An “old injun trick” is the rustler’s next move, disguising himself as a cow. But Huck thinks (or is he just faking being dumb?) that he forgot to brand the heifer and gleefully advises “This branding iron won’t hurt. Much.” This gives Charlie Shows a chance to add his obligatory ass joke as the hot iron sears through the cow costume, and the rustler runs away to the strains of Shaindlin’s On the Run.


Brushing up on an instructional manual while cooling off, the rustler reads what we can see on the screen—a page that says “Rule 1. Get Rid of All Cowhands.” So he uses a lasso to do so. Another Droopy gag follows, except the churn-it-out nature of TV spoils it. The talkative rustler drops Huck off the cliff, but the hound immediately, and illogically, walks onto the scene.


The timing of Huck’s return is great, but you know if Benedict et al were still at MGM, Avery would can the inane dialogue (Scott Bradley would do the talking), quicken the scene by at least three-fold, and then have an even more outrageous take by the rustler.

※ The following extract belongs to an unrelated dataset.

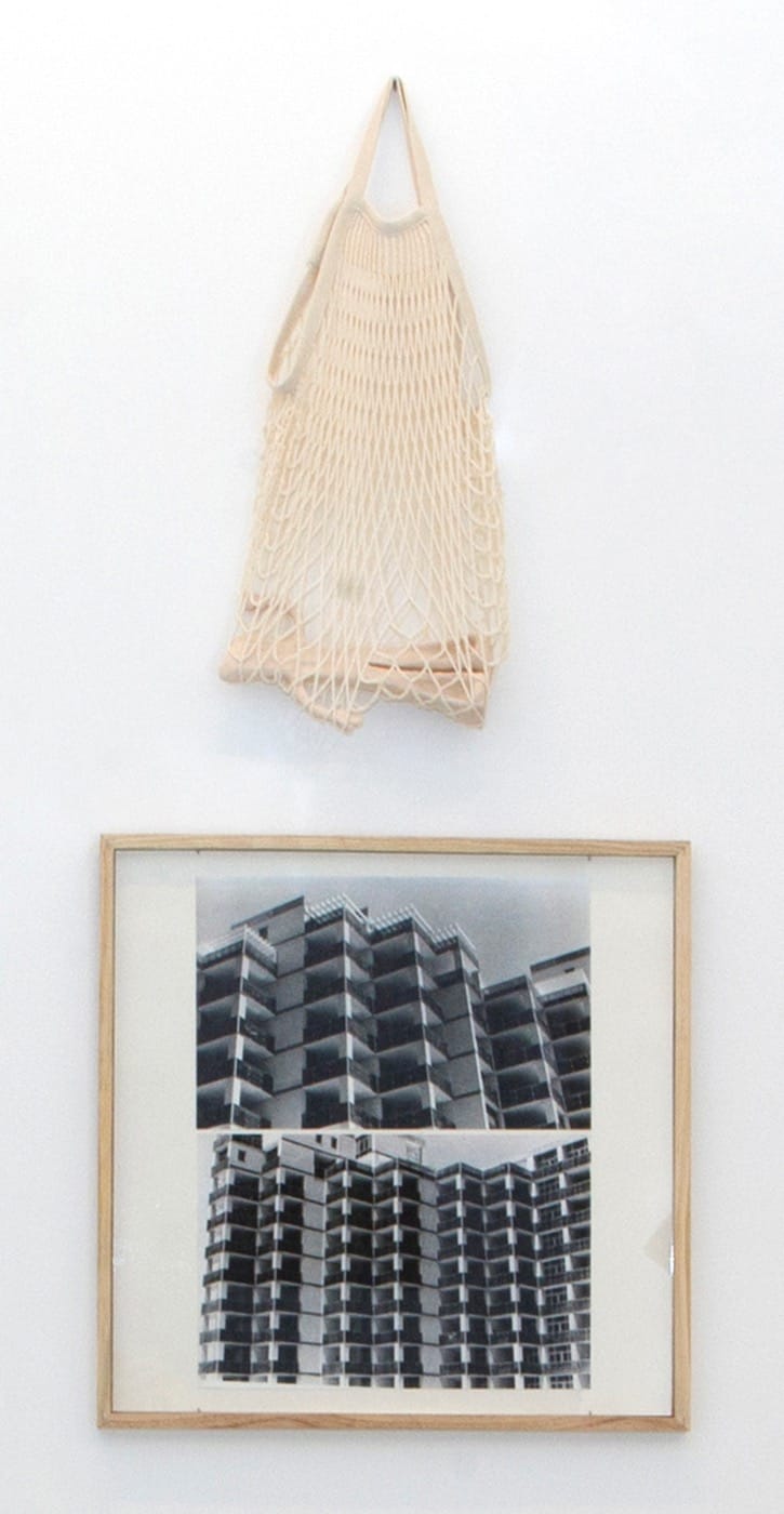 Born of a Puerto Rican architect mother and Kuwaiti architect father in 1985, Farid obtained a Master in Visual Studies degree from M.I.T. and one in museum studies from the Museum of Contemporary Art, Barcelona. So, her cerebral chops are unimpeachable. But I also really like the way she boldly mixes in narcissism-free autobiographical material here — like the white, cotton net-bag embracing a pale ceramic reproduction of Gumby, one of the artist’s childhood toys. This is hung over a photograph of where she lived in Kuwait during her childhood. The addition of such personal detail woven seamlessly into the installation sets up a situation in which the mind vacillates between state narratives based on objective records and self-portraiture. Such vacillation opens up her life to unexpected, and novel creative potencies and territories.

Another Shows-ass-gag and more Droopy in the next bit. The rustler ties Huck to an arrow and shoots him over the plane. But our hero immediately walks into the scene again and, well, Freud might have something to say about the finale. Huck’s walk is on ones, then the rest of the bit is on twos. Here are Marshall’s last 14 drawings:









Charlie Shows now tries a Dumb-Hounded-type build-up gag. (More Avery. Monotonous, isn’t it?) The bad guy nails Huck inside a box, put the box in the safe, and dumps the safe down a reddish-coloured well. But before the villain say “That’s that”, he spots Huck on top of the well, humming and drying off with a towel. Since this is an early cartoon, Daws is doing some generic melody instead of Clementine.


The climax gag comes as the rustler tosses Huck inside a conveniently placed rocket, runs to the control room to send the missile into orbit, but Huck is somehow standing next to him.


The rustler gives up. “You outsmarted me single-handed,” he remarks. Uh, not quite. Huck had help from his brothers, Ed, Ted, Jed, Ned and Fred, who all blink when their names are called out. Yes, multiple Hucks, just like multiple Droopys in Northwest Hounded Police by, yes, Tex Avery.

Daniel Goldmark, the fine author/musicologist, has identified a mystery cue for me in this cartoon by Spencer Moore. I don't have that Hi-Q "D" series reel in my collection.


0:00 - Huck sub main-title/Clementine theme (trad./Curtin).
0:26 - ZR-39 WESTERN SONG (Hormel) – Huck watches TV, sees bullets.
1:03 - L-31 SOMBER MOVEMENT (Moore) – Rustler drops cow on Huck, Huck looks around.
1:48 - LAF-25-3 bassoon and zig-zag strings (Shaindlin) – Rustler with cow in overcoat, Rustler pushes cows on skates in truck.
3:14 - LAF-4-6 PIXIE PRANKS (Shaindlin) – Rustler pushes in more cows, Huck shoots at him.
4:37 - L-1158 ANIMATION COMEDY (Moore) – Huck walks to cow to brand it.
4:42 - LAF-2-12 ON THE RUN (Shaindlin) – Rustler runs away.
4:55 - LAF-4-1 FISHY STORY (Shaindlin) – Rustler ropes Huck, tosses him in well, puts him on rocket.
6:43 - ZR-39 WESTERN SONG (Hormel) – Rustler quits, meets Huck’s brothers.
7:10 - Huck sub end title theme (Curtin).